Publié le 6 mai 2026 à 15h36

BakerTilly    Temps de lecture 10 minutes

De l’opacité salariale à la transparence normative : un changement de paradigme.

Par Christine Morille, avocate associée, BakerTilly

A environ un mois de la date butoir fixée aux Etats membres, la loi de transposition de la directive européenne 2023/970 du 10 mai 2023 se fait attendre.

L’arsenal normatif visant à combattre les écarts de rémunération est ancien. En France, le principe « à travail égal, salaire égal » figure dans la loi depuis 1972. Au niveau européen, on le retrouve dès 1957 dans le Traité de Rome.

Pourtant, après toutes ces décennies, dans les faits et bien qu’ils se soient réduits, les écarts de rémunération persistent.

Par exemple :

– selon l’Insee (Insee Focus n° 349 paru le 4 mars 2025), en 2023, l’écart net en équivalent temps plein constaté entre les hommes et les femmes, pour le même emploi, exercé dans le même établissement, s’établit à 3,8 % ;

– selon une enquête de l’APEC de février 2026, à profil équivalent (c’est-à-dire en neutralisant les effets du métier, du secteur, de l’âge, de la taille d’entreprise, etc.), un écart salarial de 6,8 % était constaté en 2025 entre femmes et hommes cadres.

L’une des causes identifiées dans la persistance de ces inégalités réside dans le manque de transparence. L’absence d’information empêche à la fois la prévention des discriminations, la détection des écarts injustifiés et l’exercice effectif des droits des salariés.

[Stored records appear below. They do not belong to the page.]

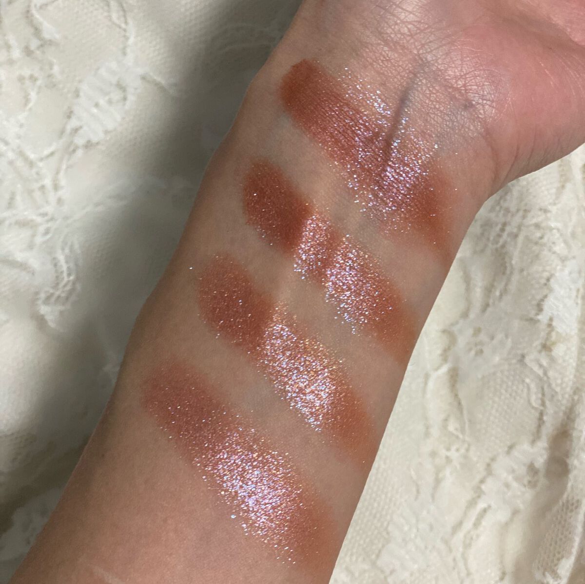 ボビイブラウンの名品ムーンストーンはベースがクリアなのでどんなアイシャドウにも合わせられるし上からトッピングするのにも向いています。 アディクションのマリアージュは2,200円でこの煌めき! 一番安いのに一番輝く、さすがです。 秋蛍は実はトッピングするとベースのシャドウを殺してしまうので目頭、下瞼などポイント使いかベースに使うのがおすすめです。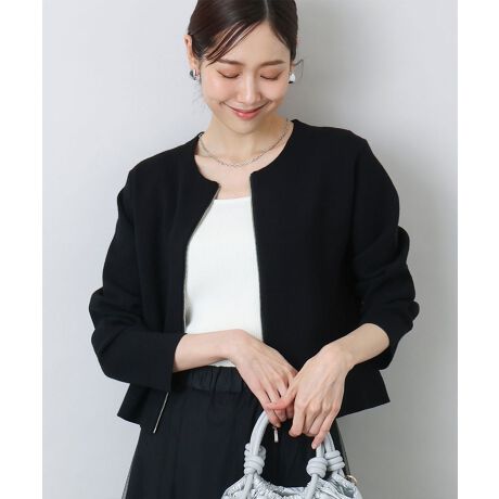 きれいめな印象で着こなせるジップアップデザインのニットブルゾン。衿や裾、袖口をあえて切り替えず、すっきりと仕上げたミニマルなデザインです。コンパクトな見え感ながらも程よくゆとりがあるのも着心地が良い理由に。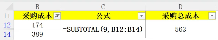 4. SUBTOTAL 筛选后求和,筛选被隐匿的数据不计算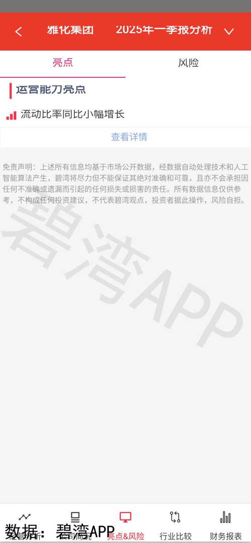 雅化集团一季度净利润虽同比大增7.41倍,但经营活动现金流净额由6.74亿元转为-5.43亿元,反映盈利质量承压。主要因采购支付现金增加及应收账款减少,导致经营性现金流出扩大。尽管投资活动现金流改善,但净现金流仍转为-1.47亿元,凸显资金链压力。需警惕收入下滑17.03%背景下,现金流与利润背离可能引发的营运风险,后续需关注回款效率及资本开支管控。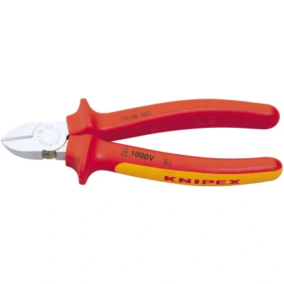 General description These VDE fully insulated diagonal side cutters are designed for professional use in live line working. They are tested to withstand voltages up to 10,000V and are insulated for safety up to 1000V AC and 1500V DC. Made from high-quality vanadium electric steel, they offer durability and precision for cutting various types of wires, including hard, medium-hard, and soft wires. Technical specifications Length: 160mm Material: Vanadium electric steel, oil hardened and tempered Cutting edges: Induction hardened to 62HRC Insulation: Two-color insulated handles with slip guards Standards: Manufactured according to DIN ISO 5749 and tested to EN 60900 Compatibility and accessories Compatible with various wire types, including hard, medium-hard, and soft wires. Installation No installation required; ready to use out of the box. Usage Use for cutting wires in electrical and maintenance work, especially in live line situations. Ensure proper insulation and safety precautions
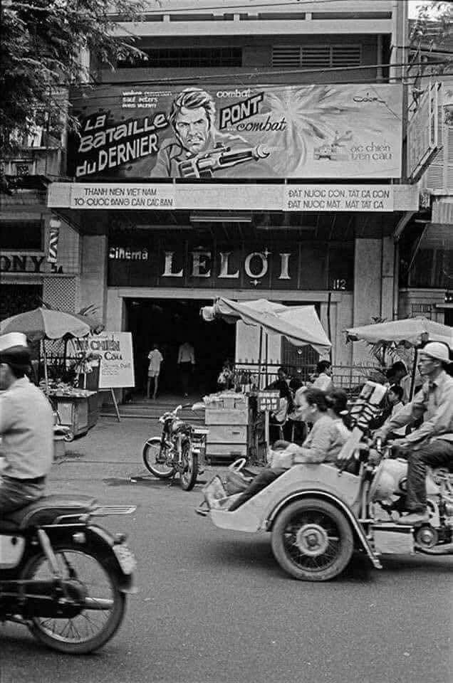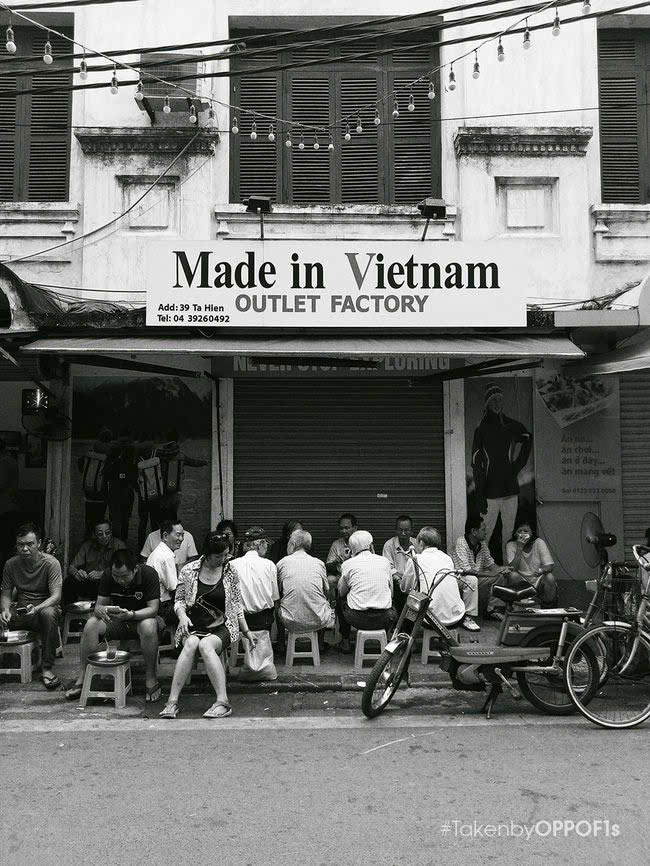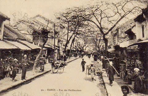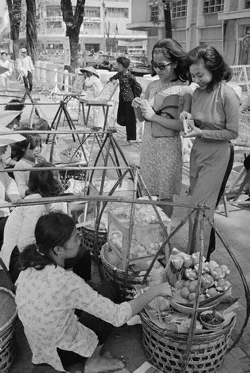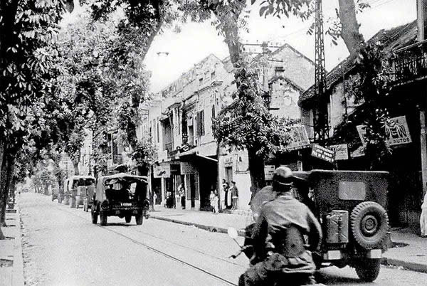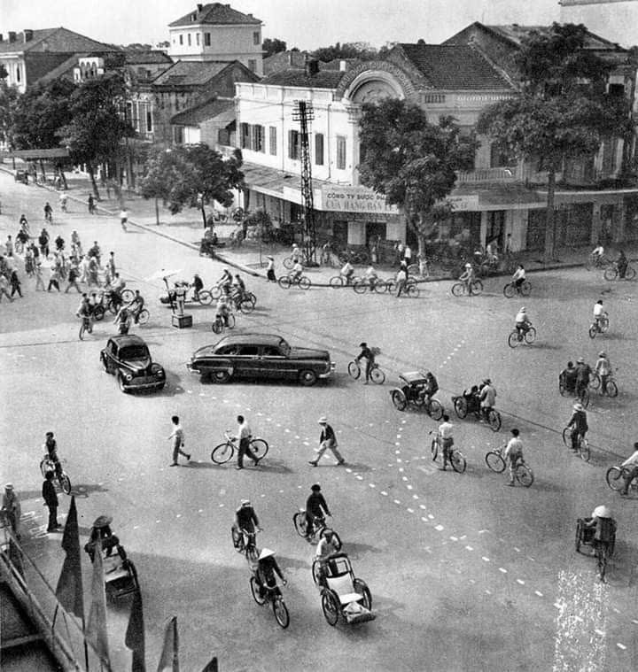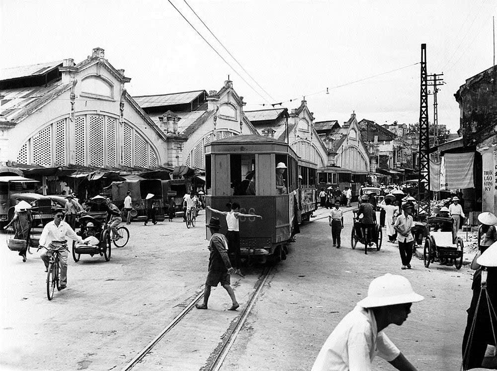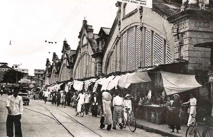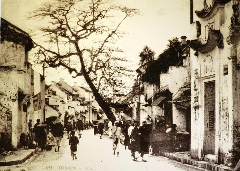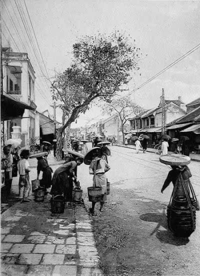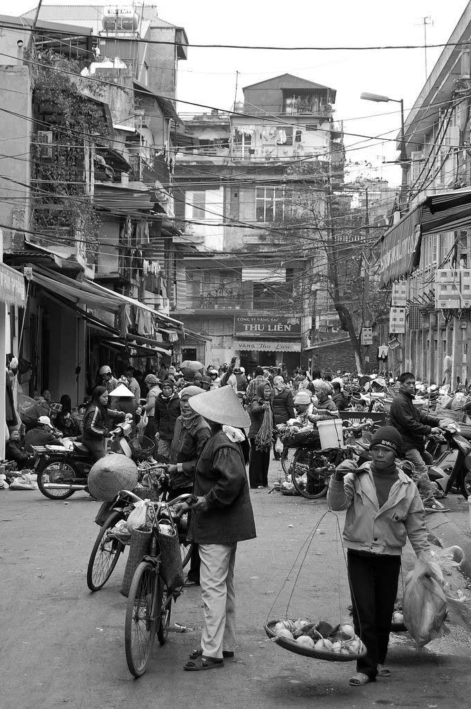 Tranh dán tường trắng đen tái hiện một góc phố Việt Nam xưa với nét mộc mạc, bình dị nhưng đầy sức sống. Dọc con đường lát gạch và đất, những người phụ nữ gánh hàng rong, đội nón lá, tất bật mưu sinh. Bên kia đường là những dãy nhà ngói san sát, mái hiên buông thấp, mang đậm kiến trúc truyền thống xen lẫn dấu ấn thuộc địa.

C’est pourquoi la transparence salariale constitue depuis plusieurs années un objectif politique affirmé de l’Union européenne dans la lutte contre les inégalités professionnelles entre les femmes et les hommes. Et avec l’adoption de la directive (UE) 2023/970 du 10 mai 2023, ce principe change de nature : il ne s’agit plus d’une simple exigence éthique ou sociale, mais d’un standard juridique contraignant, destiné à produire des effets opérationnels et contentieux immédiats.

La directive assume ainsi une approche...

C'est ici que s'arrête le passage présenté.